**Your task:**
Starting at the line that contains "This artist trading", please transcribe every line through the end of the entries, exactly and with no pictures.
[Start of section]
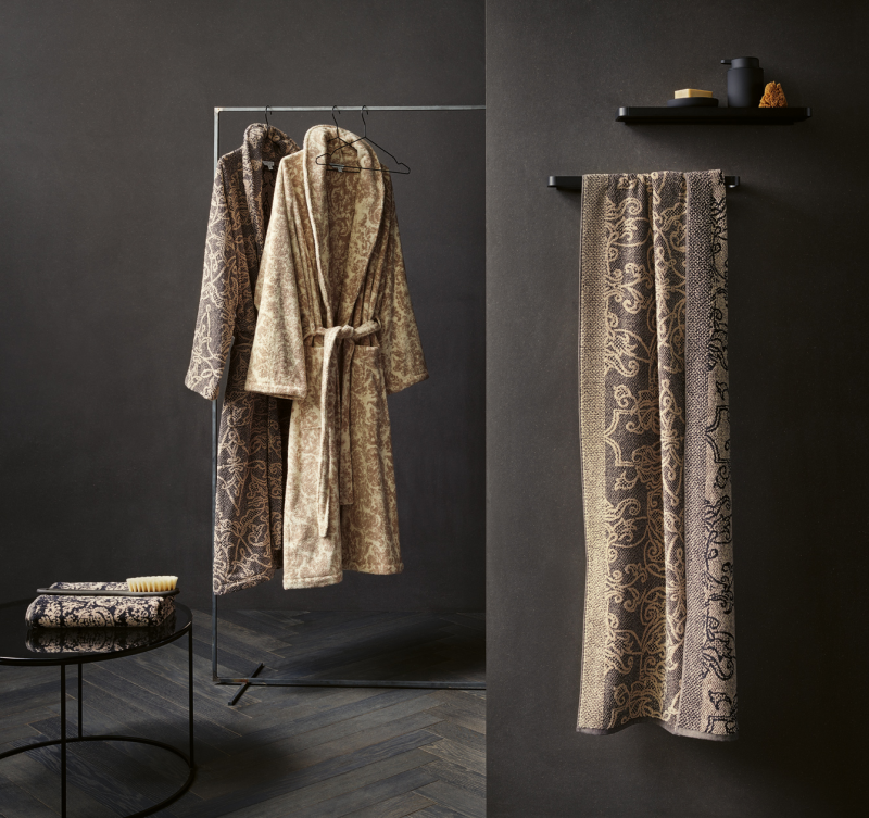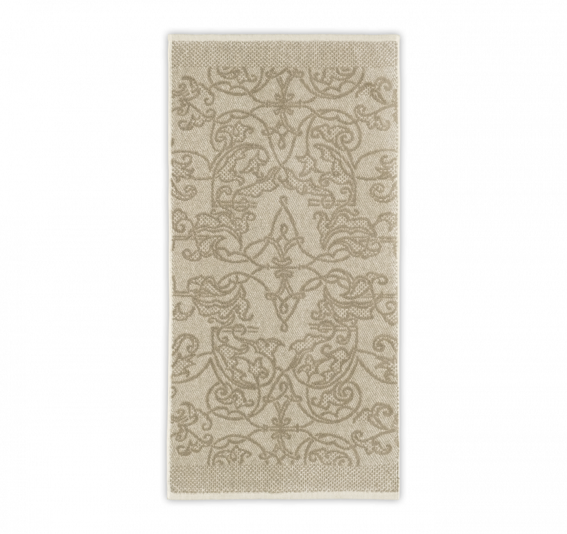 Dieses luxuriöse Frottier ist eine elegante Adaption des beliebten Jacquard-Dessins Mariage aus der Tischwäsche-Kollektion und jetzt auch als Handtuch, Duschtuch, Bademantel und Duschvorleger erhältlich. Gefertigt aus einer edlen Materialmischung von 80 % extralangstapeliger ägyptischer Baumwolle und 20 % französischem & belgischem Leinen, verbindet es Stil, Funktionalität und höchste Qualität – hergestellt in Österreich.
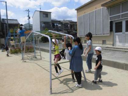 休み時間になると他学年の子たちが教室へ誘いに来てくれます。今日は,6年生のお姉さんにうんていや鉄棒の技を見てもらっていました。「すごーい!!」とほめてもらい,とても嬉しそうでした。
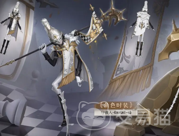 第二款是我们的监管者【守夜人-knighy-c3】这个监管者在游戏中,出场率还是非常的高的,本次的皮肤设计采用了非常独特的棋盘白棋的设定,头上可以看到一个人马图像的雕刻!而且脚踩高桥!搭配上手中的棋子镰刀,让整个角色看起来非常的高大威猛!
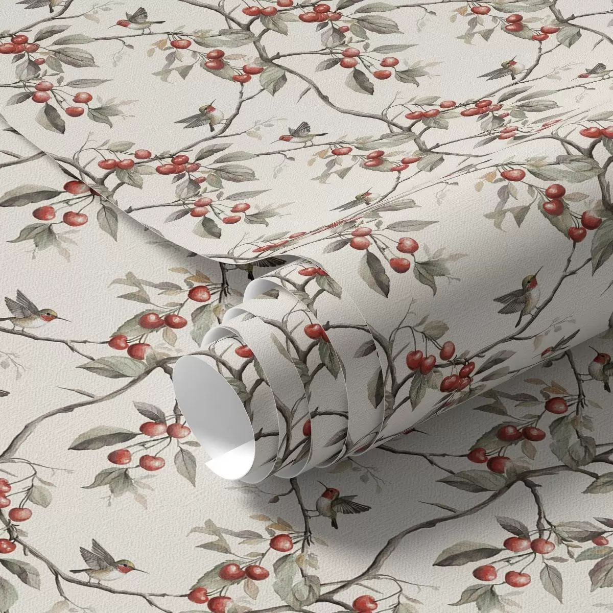 Tapeet Linnud punaste marjadega kirsiokste vahel Nr. a00206
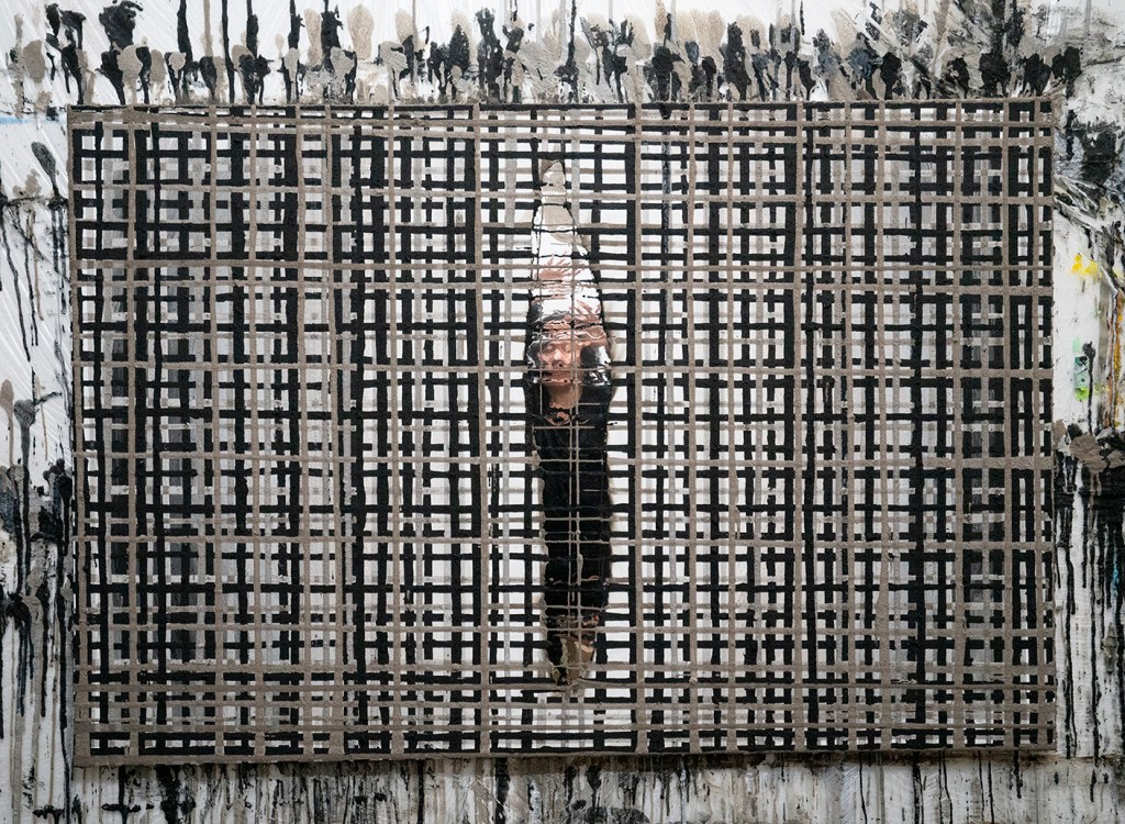 재와 숯을 라텍스와 섞어 중력의 흐름에 맡겨 흘려보냈다.
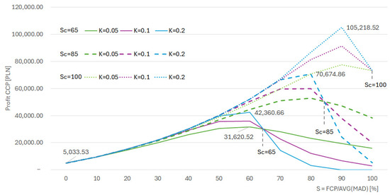 The CCP model profit scenarios for 2024, estimated for various decisions by the company’s employees in response to the charging price FCP in relation to the average electricity price on Fixing I (DAM); K is the slope parameter, and Sc is the inflection point of the penalty function transition curve (13).
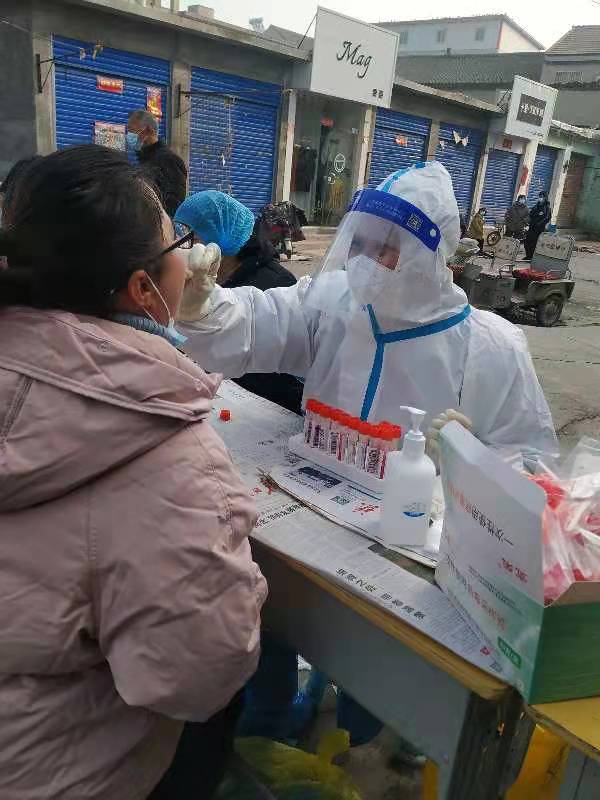 1月10日,林州市启动全员核酸检测以来,栗敏和同事们负责的核酸采集点每天都有数千人的核酸检测任务。每天早上不到5点,她就早早起来开始各项准备工作,一天工作下来,两只手臂几乎都无法举起。
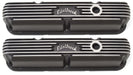 Edelbrock part #41763 Classic Series Valve Covers are designed for Chrysler Small-Block LA 318-340-360 applications and have a Black finish. Edelbrock first made these aluminum valve covers in the late '50s and they're still a classic. Made of heavy-gauge sand-cast aluminum, Overall height is measured from base to top at the highest point. Edelbrock classic valve covers can be machined to accept breathers if desired.
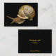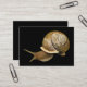 This artist trading card features a garden snail emerging from his shell on a pure black background. He is a terrestrial gastropod mollusk with a brown and beige shell in the classic spiral pattern. His tentacles each have an eye at the end and are pointing ahead as he figures out where to go, pushed along by his strong muscular foot.
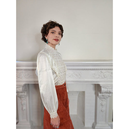 Vintage 80s Cream Blouse Neo Edwardian Lacy Shirt
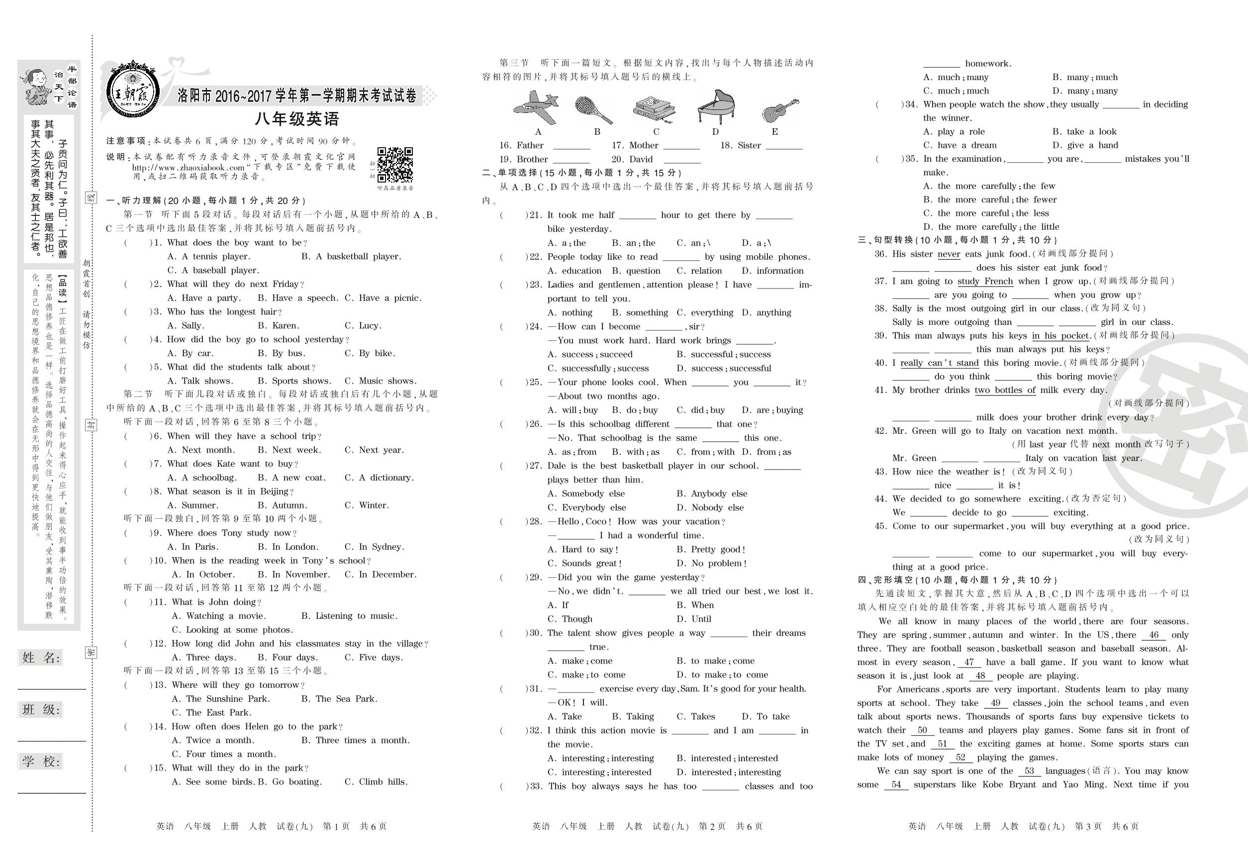 2016-2017学年第一学期洛阳市八年级英语试卷(人教版)_R210809124324【9】
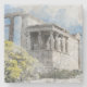 Ancient Sites Acropolis in Athens, Greece. Watercolor splash with hand drawn sketch illustration
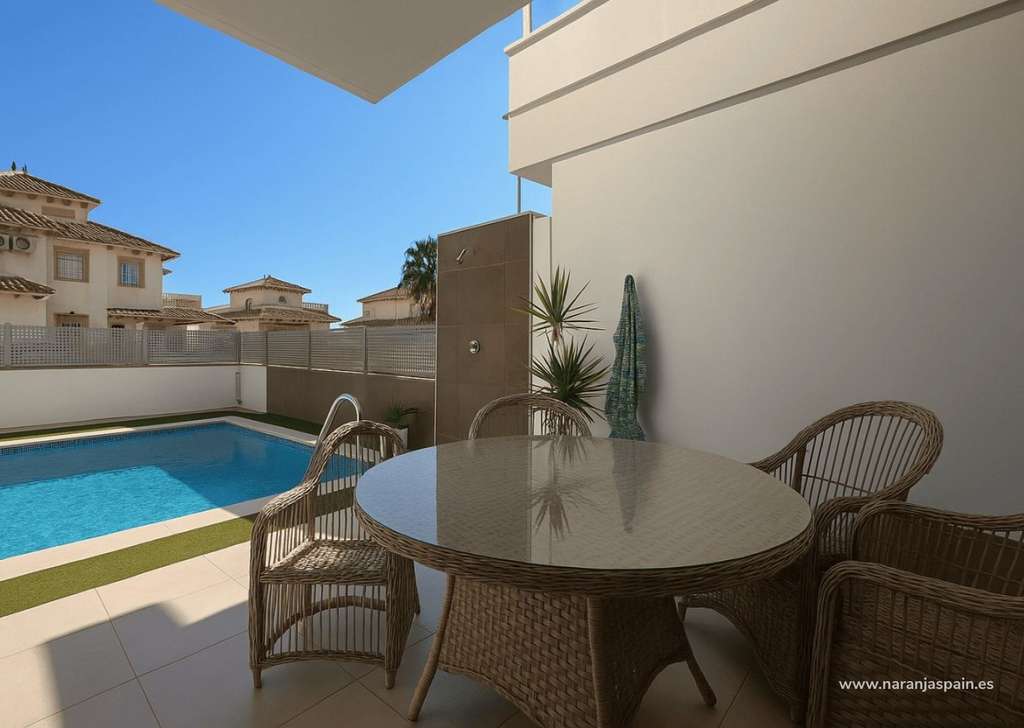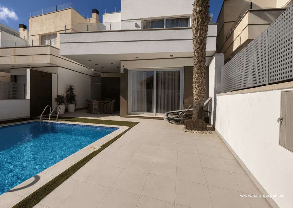 Descubra este chalet independiente en perfecto estado, ubicado en la prestigiosa zona de Lomas de Cabo Roig / Los Dolses, Orihuela Costa. Construido en 2016, ofrece 125 m² distribuidos en tres plantas, sobre una parcela de 230 m².
[End of section]
**Task result:**
 This artist trading card features a garden snail emerging from his shell on a pure black background. He is a terrestrial gastropod mollusk with a brown and beige shell in the classic spiral pattern. His tentacles each have an eye at the end and are pointing ahead as he figures out where to go, pushed along by his strong muscular foot.
 Vintage 80s Cream Blouse Neo Edwardian Lacy Shirt
 2016-2017学年第一学期洛阳市八年级英语试卷(人教版)_R210809124324【9】
 Ancient Sites Acropolis in Athens, Greece. Watercolor splash with hand drawn sketch illustration
 Descubra este chalet independiente en perfecto estado, ubicado en la prestigiosa zona de Lomas de Cabo Roig / Los Dolses, Orihuela Costa. Construido en 2016, ofrece 125 m² distribuidos en tres plantas, sobre una parcela de 230 m².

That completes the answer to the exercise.